- _What is required_: Pictures appear among the records below and must be omitted. Repeat exactly the lines from the line with "Еще одна претензия" to the line with "Enchanting Design: Features", both included.
Segment Start: Provided information
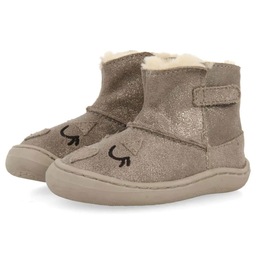 Stivaletti grigi con ricami e chiusure regolabili senza elementi anatomici che possano ostacolare lo sviluppo ottimale del piede.
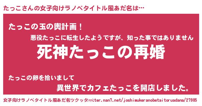 | 男性向けラノベタイトル風あだ名 | 『ノーゲーム・ノータッコ』 |
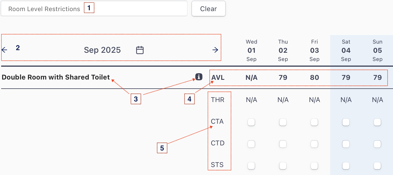 | Confirms you’re in the “Room Level Restrictions” view. This ensures you’re seeing restrictions applied to the room itself (not to individual rate plans). |
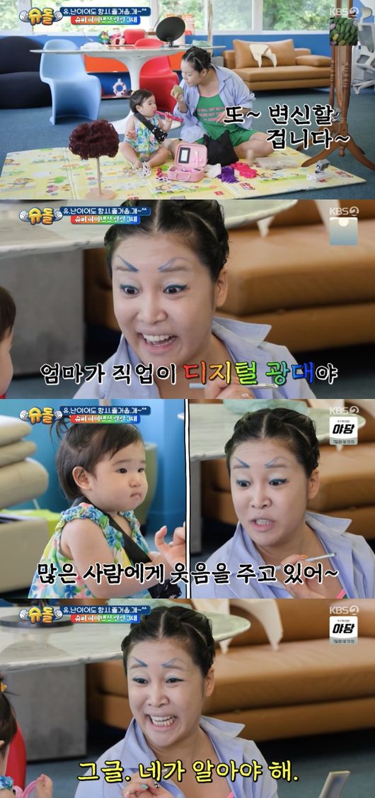 이날 랄랄은 폭풍 성장한 14개월 딸 서빈이 밥을 먹인 뒤 분장에 나섰다. 자신을 빤히 바라보는 딸에 랄랄은 “서빈아 엄마가 직업이 디지털 광대야. 그래서 웃음을 팔고 다녀”라고 말했다.
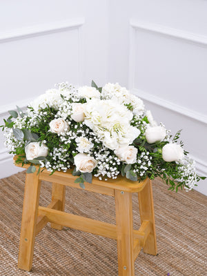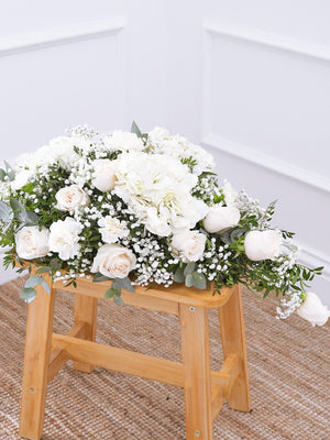The Pure Bliss Spray is a graceful and elegant display of flowers, carefully crafted to convey comfort, purity, and sympathy. It features a harmonious blend of white roses, white carnations, white hydrangeas, gypsophila, as well as accents of pistach and eucalyptus foliage.
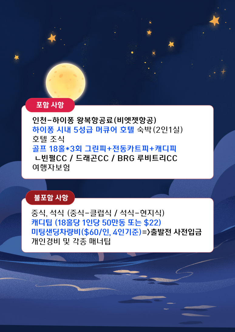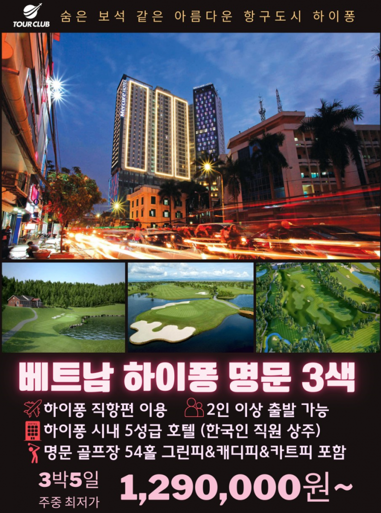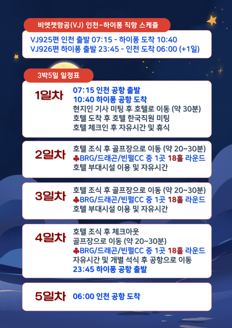 | 하이퐁 | 호텔 조식 후 골프장 이동 빈펄 하이퐁CC 18 홀 라운딩 라운딩후 호텔의 부대시설 이용 및 자유시간 석식 후 공항으로 이동 |
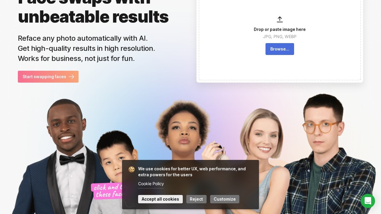 Face Swapper is an AI-driven application enabling users to perform high-quality face swaps. Utilizing artificial intelligence, it identifies faces in images and replaces them with others chosen by the user. The tool supports images up to 5 MB with facial dimensions of up to 1024*1024 pixels and produces results that maintain the original image's size and quality. It also includes a multiswap feature for replacing multiple faces in one image simultaneously, along with a Smart Upscaler that employs AI to improve image resolution.
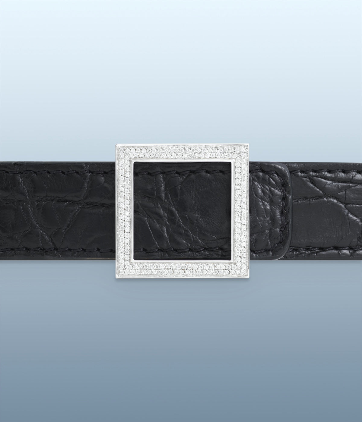 An opulent micro pavè evoking the arrangement of Roman mosaic tesserae composed of pure natural diamonds dazzles on a detachable rectangular 14K white gold buckle that clasps a belt in caiman leather.
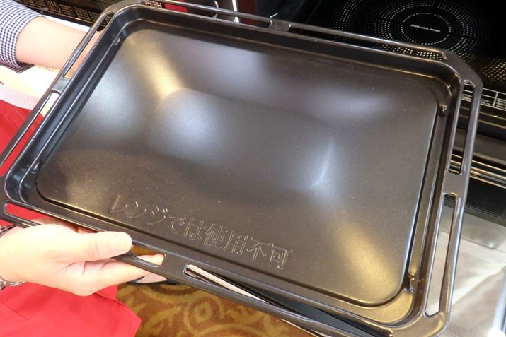 オーブン調理で使用する角皿は周囲にスリットを設けることで熱風の循環を妨げないようにしているほか、セラミックのコーティングで発熱効率を高めている
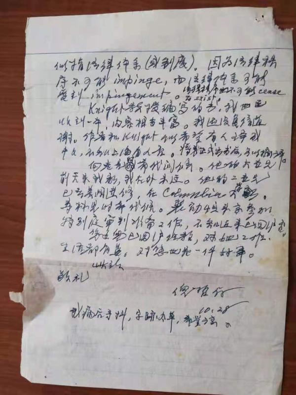 从回信内容还可以看出两人非常熟悉不拘小节。第一,回信没有客套,开门见山,直接点题。比如这个词该怎么翻译,这个句子表示什么意思等。在讲完正事后,才会拉拉家常,通报下近况;第二,按理说两人都是上海老克勒,对礼仪非常熟悉,但他们之间就不大讲究了。高文彬的信有时候就写在文稿纸的背面,而倪征(日奥)更直接,扯下笔记本一页,就开始写了。有一封信还特意关照“勿复”,体现两人的关系非同一般。我们看到高文彬保留的照片,在合影时大多数时候都是在倪先生的身边。
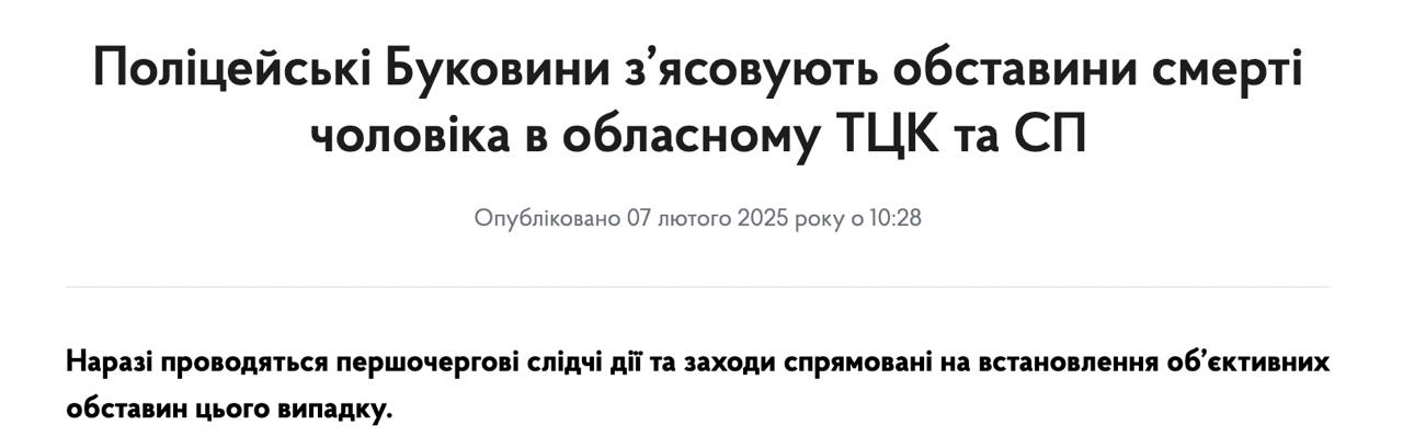 "За попередньою інформацією, під час проходження військово-лікарської комісії, у нього різко погіршилося самопочуття і він знепритомнів. Буковинцю одразу почали надавати домедичну допомогу, а на місце події були викликані медики. Однак, під час проведення реанімаційних заходів, лікарями було констатовано смерть чоловіка", - повідомляє поліція".
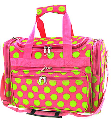 -. Brand : World Traveler -. ClothingSize : 13-inch -. Color : Polka Dots - Pink Green -. Department : womens -. EAN : 0763598168803 -. Feature : Adjustable, detachable non-slip padded shoulder strap / U-top opening provides easy access to roomy zipper secured main compartment / Metal feet allows stabiity to bag when setting down and provides bag floor not to touch floor directly to get dirty / Front exterior zip pocket with two exterior end slit pockets / Silver pewter hardware -. Model : T13-504F/G -. MPN : T13-504F/G -. NumberOfItems : 1 -. PackageQuantity : 1 -. PartNumber : T13-504F/G -. ProductGroup : Apparel -. ProductTypeName : LAGE -. Size : 13-inch -. Title : World Traveler Pink Green Polka Dots Duffle Bag 13-inch -. UPC : 763598168803
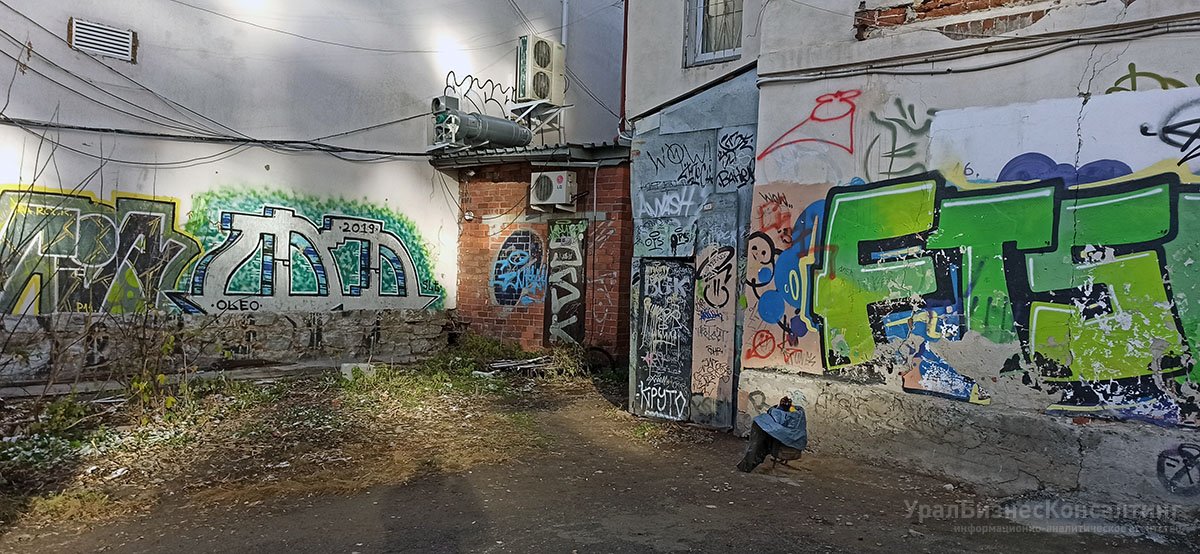Еще одна претензия заключается в пренебрежении проблемами всего квартала. На территории в границах улиц Малышева — 8 Марта — Вайнера — Радищева представлена хаотичная застройка, обветшавшие здания, большое число непривлекательных граффити и торчащие повсюду провода от кондиционеров. Также здесь практически отсутствуют пешеходные дорожки и элементы благоустройства.
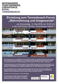 Das „Tannenbusch-Forum“ ist eine Veranstaltungsreihe für alle Tannenbuscher, die Näheres zu aktuellen Entwicklungen im Stadtteil erfahren, darüber mit Fachleuten sowie anderen Bewohner und Bewohnerinnen diskutieren und ihre eigenen Ideen einbringen möchten.
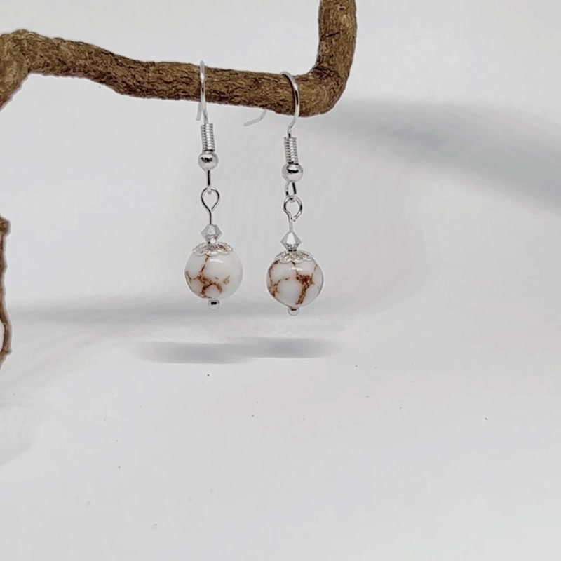 Lógós fülbevaló fehér-arany márványos gyönggyel
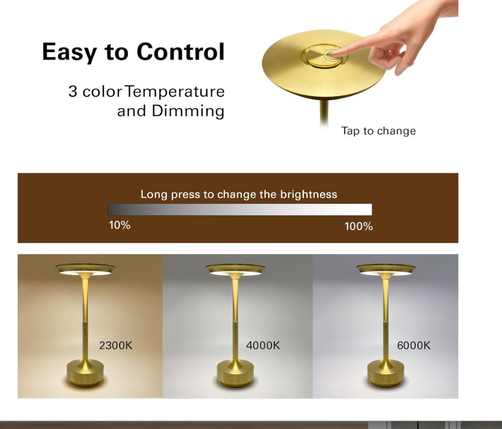 2 Pack Cordless Table Lamps Rechargeable, Portable Battery Operated Lamp, Stepless Dimming LED Table Light with Memory Function,
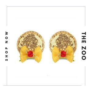 Enchanting Design: Features mouse ears adorned with Belle-themed details, capturing the essence of the beloved princess.
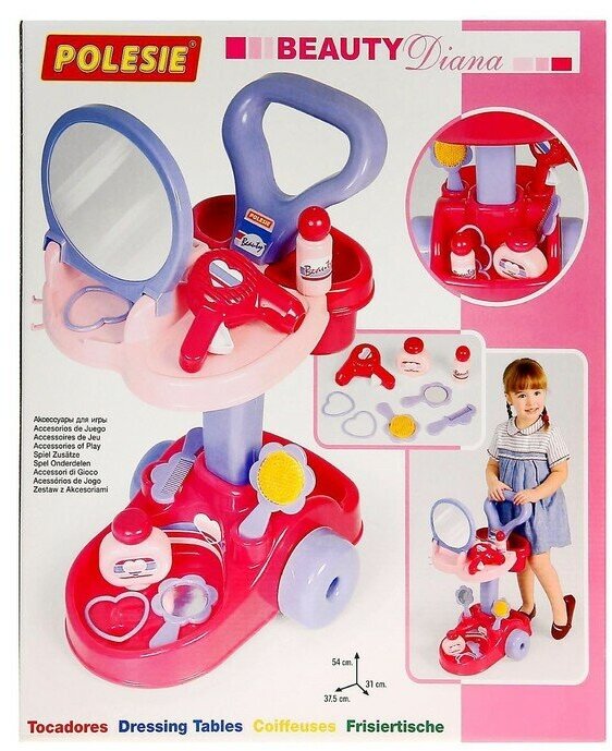 Туалетный столик с зеркальцем и набором аксессуаров и украшений для сюжетно-ролевых игр маленьких красавиц. Девочка с удовольствием будет создавать разнообразные модные прически любимой кукле, себе и подругам, а также сможет украсить свой туалетный столик в своем собственном оригинальном стиле! Набор «Салон красоты „Диана“ создан специально маленьких модниц и принцесс. Каждая девочка с детства стремится к красоте и так хочет быть похожей на свою маму, у которой есть целый арсенал косметики и аксессуаров. Все предметы, входящие в набор, компактно располагаются на тележке, которую малышка сможет перевозить в удобное для нее место. Маленькая принцесса сможет открыть свой собственный салон красоты и пригласить в него подружек. С этим набором Ваша принцесса почувствует себя настоящим мастером салона красоты.
Segment End: Provided information
- _Final answer_:
Еще одна претензия заключается в пренебрежении проблемами всего квартала. На территории в границах улиц Малышева — 8 Марта — Вайнера — Радищева представлена хаотичная застройка, обветшавшие здания, большое число непривлекательных граффити и торчащие повсюду провода от кондиционеров. Также здесь практически отсутствуют пешеходные дорожки и элементы благоустройства.
 Das „Tannenbusch-Forum“ ist eine Veranstaltungsreihe für alle Tannenbuscher, die Näheres zu aktuellen Entwicklungen im Stadtteil erfahren, darüber mit Fachleuten sowie anderen Bewohner und Bewohnerinnen diskutieren und ihre eigenen Ideen einbringen möchten.
 Lógós fülbevaló fehér-arany márványos gyönggyel
 2 Pack Cordless Table Lamps Rechargeable, Portable Battery Operated Lamp, Stepless Dimming LED Table Light with Memory Function,
 Enchanting Design: Features mouse ears adorned with Belle-themed details, capturing the essence of the beloved princess.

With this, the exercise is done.